5. Chiropractic clinics: Coverage of chiropractic services is
determined primarily by regulations, discussed in the companion article.
Off-site Services
A physician/extender visit to a beneficiary in a skilled SNF bed or a swing
bed is medically necessary on a monthly basis to evaluate the patient
status as it relates to the skilled service. A physician/extender visit may
constitute a medically necessary face-to-face more often than monthly only
if the medical record supports the necessity of more frequent evaluation.
(For the purposes of medical review, monthly shall mean no less than 21
days between visits.)
A physician/extender visit to a beneficiary in a non-skilled bed,
intermediate care facility or nursing home is not medically necessary on a
routine basis even if the nursing facility requires it as a condition of
patient residence. However, Medicare does "presume" visits to be
medically necessary if they are used to satisfy Federal Regulations. Based
on these requirements, detailed in the Code of Federal Regulations [42 CFR
483.40], a visit to a patient in a non-skilled bed, ICF or nursing home
will be considered medically necessary if it has been approximately 60 days
(for the purposes of medical review at least six weeks) since the last
visit.
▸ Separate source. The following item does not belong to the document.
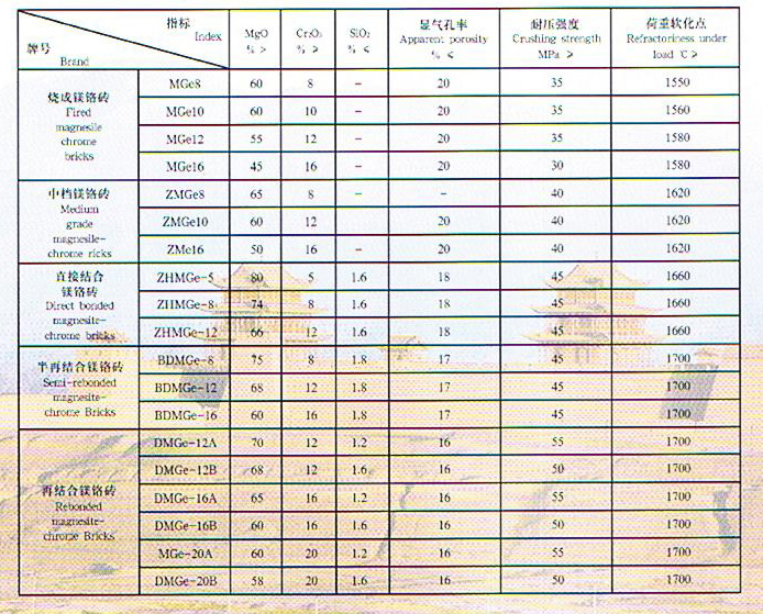 镁铬砖:是以烧结镁砂和氧化铬为原料经高压成型、高温烧成制得,具有热膨胀系数小、抗热震性能好,抗渣性强等特点,广泛用于水泥窑、有色冶金炉、玻璃窑蓄热室等各种工业窑炉。

At frequencies greater than this the encounter is only medically
necessary if it occurs in response to a patient complaint or in follow-up
to an established medical condition; in both instances the visit is
medically necessary only if an office visit would be medically necessary
under the same circumstances.
Visiting Nurse Services
A physician/extender home visit to perform services typically rendered by
home health or visiting nurses is only covered as a distinct benefit when
the criteria for VNS are met. When VNS criteria are not met, the home visit
is subject to the same medical necessity requirements as an office-based
face to face encounter, and a physician/extender home visit solely to
perform home health services will be denied as not medically necessary for
a physician level of expertise.
Home Visit
Medical necessity for the home visit is identical to medical necessity for
office visit -- i.e. the fact that the patient is homebound does not confer
any additional necessity for a physician/extender level of care. A home
visit is not medically necessary if an office visit would not be medically
necessary for the same patient condition.